__Data excerpts__
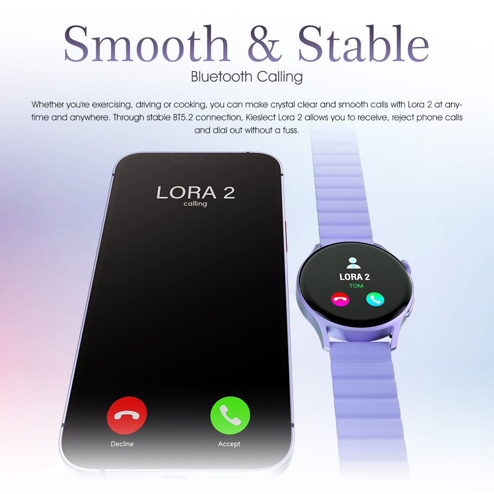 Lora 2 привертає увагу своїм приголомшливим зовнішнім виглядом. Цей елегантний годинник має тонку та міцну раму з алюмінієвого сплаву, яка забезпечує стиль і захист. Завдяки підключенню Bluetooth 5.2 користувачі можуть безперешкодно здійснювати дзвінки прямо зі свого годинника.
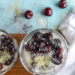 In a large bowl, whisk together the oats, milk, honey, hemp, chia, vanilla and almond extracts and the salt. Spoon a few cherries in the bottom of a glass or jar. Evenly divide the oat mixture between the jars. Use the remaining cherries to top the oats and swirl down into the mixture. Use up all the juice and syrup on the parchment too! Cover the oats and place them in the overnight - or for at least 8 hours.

==

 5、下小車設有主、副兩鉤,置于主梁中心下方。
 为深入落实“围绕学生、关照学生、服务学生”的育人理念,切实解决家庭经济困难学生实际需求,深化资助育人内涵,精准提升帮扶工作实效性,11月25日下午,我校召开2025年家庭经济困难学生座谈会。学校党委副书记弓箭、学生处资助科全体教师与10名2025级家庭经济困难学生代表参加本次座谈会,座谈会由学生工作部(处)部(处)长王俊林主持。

...

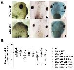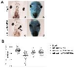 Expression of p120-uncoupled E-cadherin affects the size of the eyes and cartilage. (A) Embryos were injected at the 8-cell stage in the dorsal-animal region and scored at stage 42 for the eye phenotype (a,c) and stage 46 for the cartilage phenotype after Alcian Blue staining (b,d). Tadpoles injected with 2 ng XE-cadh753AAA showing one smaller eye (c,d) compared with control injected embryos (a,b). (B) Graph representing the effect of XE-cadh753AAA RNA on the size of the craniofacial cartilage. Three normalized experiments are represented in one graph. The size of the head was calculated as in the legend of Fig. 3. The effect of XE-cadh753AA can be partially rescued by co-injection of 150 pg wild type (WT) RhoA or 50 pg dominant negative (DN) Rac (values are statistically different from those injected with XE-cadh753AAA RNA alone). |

__What is required__
Reproduce exactly the lines above starting at the line containing "Lora 2 привертає" and ending at the line containing "In a large bowl, whisk", including both, but not the pictures.

__Solution below__
 Lora 2 привертає увагу своїм приголомшливим зовнішнім виглядом. Цей елегантний годинник має тонку та міцну раму з алюмінієвого сплаву, яка забезпечує стиль і захист. Завдяки підключенню Bluetooth 5.2 користувачі можуть безперешкодно здійснювати дзвінки прямо зі свого годинника.
 In a large bowl, whisk together the oats, milk, honey, hemp, chia, vanilla and almond extracts and the salt. Spoon a few cherries in the bottom of a glass or jar. Evenly divide the oat mixture between the jars. Use the remaining cherries to top the oats and swirl down into the mixture. Use up all the juice and syrup on the parchment too! Cover the oats and place them in the overnight - or for at least 8 hours.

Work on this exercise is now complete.